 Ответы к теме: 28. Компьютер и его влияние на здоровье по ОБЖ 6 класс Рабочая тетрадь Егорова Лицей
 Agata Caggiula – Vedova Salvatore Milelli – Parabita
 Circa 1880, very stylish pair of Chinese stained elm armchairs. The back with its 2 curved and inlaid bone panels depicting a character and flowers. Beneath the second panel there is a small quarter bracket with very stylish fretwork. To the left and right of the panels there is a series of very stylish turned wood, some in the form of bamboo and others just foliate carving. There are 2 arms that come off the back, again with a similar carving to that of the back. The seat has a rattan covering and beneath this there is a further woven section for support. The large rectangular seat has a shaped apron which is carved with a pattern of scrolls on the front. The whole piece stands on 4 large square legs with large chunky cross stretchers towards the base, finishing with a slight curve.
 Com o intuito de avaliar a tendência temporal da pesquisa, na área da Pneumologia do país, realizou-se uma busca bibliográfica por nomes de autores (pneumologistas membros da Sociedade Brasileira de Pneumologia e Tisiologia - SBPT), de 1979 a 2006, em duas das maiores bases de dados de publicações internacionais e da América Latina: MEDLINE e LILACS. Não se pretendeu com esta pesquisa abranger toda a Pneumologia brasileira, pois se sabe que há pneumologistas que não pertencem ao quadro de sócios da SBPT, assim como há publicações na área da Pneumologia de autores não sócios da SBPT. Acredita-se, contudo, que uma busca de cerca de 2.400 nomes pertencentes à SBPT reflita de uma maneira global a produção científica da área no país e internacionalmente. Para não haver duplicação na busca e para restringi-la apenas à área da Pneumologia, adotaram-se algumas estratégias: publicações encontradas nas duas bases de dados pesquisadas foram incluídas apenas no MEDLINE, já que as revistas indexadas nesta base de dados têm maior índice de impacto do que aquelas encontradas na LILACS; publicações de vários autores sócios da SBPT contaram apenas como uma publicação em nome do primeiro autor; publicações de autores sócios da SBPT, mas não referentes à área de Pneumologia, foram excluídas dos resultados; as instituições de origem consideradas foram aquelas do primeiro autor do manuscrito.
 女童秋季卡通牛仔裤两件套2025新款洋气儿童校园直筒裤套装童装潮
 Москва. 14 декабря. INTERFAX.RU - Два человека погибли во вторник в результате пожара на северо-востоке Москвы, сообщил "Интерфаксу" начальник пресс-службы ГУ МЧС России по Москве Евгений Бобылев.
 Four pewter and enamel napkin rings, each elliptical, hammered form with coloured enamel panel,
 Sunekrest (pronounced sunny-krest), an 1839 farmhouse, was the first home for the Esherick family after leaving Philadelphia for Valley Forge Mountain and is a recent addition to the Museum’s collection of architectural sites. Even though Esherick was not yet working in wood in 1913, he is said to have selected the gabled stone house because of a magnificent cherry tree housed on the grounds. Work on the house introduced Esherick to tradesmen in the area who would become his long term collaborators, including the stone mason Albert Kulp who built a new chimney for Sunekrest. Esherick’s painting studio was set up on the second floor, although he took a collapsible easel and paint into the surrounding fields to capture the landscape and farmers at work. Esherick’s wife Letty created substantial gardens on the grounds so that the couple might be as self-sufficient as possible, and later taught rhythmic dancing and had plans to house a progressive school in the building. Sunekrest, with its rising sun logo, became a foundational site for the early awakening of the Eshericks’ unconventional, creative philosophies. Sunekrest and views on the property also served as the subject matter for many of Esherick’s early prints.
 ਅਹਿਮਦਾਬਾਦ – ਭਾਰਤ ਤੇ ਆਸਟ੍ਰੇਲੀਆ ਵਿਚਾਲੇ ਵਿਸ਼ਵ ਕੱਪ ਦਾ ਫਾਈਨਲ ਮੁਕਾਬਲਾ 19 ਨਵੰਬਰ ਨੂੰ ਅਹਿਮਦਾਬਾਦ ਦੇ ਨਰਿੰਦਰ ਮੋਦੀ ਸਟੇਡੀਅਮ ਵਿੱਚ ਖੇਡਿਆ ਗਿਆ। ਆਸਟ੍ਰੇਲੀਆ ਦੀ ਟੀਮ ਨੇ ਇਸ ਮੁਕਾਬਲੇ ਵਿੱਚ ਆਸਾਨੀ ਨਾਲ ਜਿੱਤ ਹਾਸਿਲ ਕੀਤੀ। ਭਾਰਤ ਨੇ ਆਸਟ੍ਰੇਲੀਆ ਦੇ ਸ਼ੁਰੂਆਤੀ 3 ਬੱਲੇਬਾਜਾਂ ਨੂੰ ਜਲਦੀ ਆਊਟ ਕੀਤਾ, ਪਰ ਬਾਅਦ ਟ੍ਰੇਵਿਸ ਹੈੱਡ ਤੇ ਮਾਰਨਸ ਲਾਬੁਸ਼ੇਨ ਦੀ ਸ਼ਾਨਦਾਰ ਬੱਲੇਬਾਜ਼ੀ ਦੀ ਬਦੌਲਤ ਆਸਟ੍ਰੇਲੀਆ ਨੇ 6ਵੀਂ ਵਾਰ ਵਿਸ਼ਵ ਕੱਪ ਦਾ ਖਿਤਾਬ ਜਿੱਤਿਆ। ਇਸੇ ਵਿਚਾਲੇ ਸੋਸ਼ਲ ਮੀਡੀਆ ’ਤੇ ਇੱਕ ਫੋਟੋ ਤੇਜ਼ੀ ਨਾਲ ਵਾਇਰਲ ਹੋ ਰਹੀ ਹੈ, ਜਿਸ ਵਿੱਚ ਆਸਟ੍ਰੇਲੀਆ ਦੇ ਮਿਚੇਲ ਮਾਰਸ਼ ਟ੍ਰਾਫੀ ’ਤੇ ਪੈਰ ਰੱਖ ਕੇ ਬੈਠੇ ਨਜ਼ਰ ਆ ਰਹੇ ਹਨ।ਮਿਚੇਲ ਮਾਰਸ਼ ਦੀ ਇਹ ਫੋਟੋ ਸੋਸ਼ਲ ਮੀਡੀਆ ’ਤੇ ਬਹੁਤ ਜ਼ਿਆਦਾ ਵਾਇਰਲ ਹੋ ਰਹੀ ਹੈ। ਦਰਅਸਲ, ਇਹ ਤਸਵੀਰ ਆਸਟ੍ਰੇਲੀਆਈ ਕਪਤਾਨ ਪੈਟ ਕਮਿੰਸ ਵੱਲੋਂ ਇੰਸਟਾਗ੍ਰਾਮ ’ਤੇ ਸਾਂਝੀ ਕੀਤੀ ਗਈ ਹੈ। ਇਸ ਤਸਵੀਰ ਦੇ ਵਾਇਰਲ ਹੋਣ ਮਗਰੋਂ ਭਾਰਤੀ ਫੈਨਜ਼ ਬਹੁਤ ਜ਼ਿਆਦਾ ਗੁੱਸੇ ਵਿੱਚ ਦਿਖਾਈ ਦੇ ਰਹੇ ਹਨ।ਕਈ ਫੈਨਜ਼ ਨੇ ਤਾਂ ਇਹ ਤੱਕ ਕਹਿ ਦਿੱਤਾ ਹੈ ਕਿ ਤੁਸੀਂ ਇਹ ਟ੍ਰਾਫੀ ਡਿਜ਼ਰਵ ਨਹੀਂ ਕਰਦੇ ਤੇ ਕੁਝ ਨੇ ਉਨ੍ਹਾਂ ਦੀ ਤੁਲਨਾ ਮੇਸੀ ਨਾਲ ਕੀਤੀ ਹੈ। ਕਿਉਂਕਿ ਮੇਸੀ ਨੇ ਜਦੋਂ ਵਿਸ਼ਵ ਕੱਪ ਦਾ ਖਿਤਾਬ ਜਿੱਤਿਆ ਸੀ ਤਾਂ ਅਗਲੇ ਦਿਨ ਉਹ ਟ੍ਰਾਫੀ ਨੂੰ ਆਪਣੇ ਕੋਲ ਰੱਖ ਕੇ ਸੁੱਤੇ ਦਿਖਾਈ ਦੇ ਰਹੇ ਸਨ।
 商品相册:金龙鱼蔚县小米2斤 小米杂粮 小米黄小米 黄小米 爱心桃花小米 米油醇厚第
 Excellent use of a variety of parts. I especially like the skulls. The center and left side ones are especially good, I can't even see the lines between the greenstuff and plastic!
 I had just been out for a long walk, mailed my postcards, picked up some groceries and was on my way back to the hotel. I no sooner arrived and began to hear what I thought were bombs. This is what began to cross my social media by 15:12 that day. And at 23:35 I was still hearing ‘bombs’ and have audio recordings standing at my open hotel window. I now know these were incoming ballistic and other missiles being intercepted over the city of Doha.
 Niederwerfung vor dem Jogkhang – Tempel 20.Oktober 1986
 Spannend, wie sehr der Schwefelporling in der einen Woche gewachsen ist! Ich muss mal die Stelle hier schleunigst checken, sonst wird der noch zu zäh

------------------------------

## Exercise details
All that should appear in the response is the run of lines from the first line of the entries through the line containing "Circa 1880, very", copied exactly.

## Your response
 Ответы к теме: 28. Компьютер и его влияние на здоровье по ОБЖ 6 класс Рабочая тетрадь Егорова Лицей
 Agata Caggiula – Vedova Salvatore Milelli – Parabita
 Circa 1880, very stylish pair of Chinese stained elm armchairs. The back with its 2 curved and inlaid bone panels depicting a character and flowers. Beneath the second panel there is a small quarter bracket with very stylish fretwork. To the left and right of the panels there is a series of very stylish turned wood, some in the form of bamboo and others just foliate carving. There are 2 arms that come off the back, again with a similar carving to that of the back. The seat has a rattan covering and beneath this there is a further woven section for support. The large rectangular seat has a shaped apron which is carved with a pattern of scrolls on the front. The whole piece stands on 4 large square legs with large chunky cross stretchers towards the base, finishing with a slight curve.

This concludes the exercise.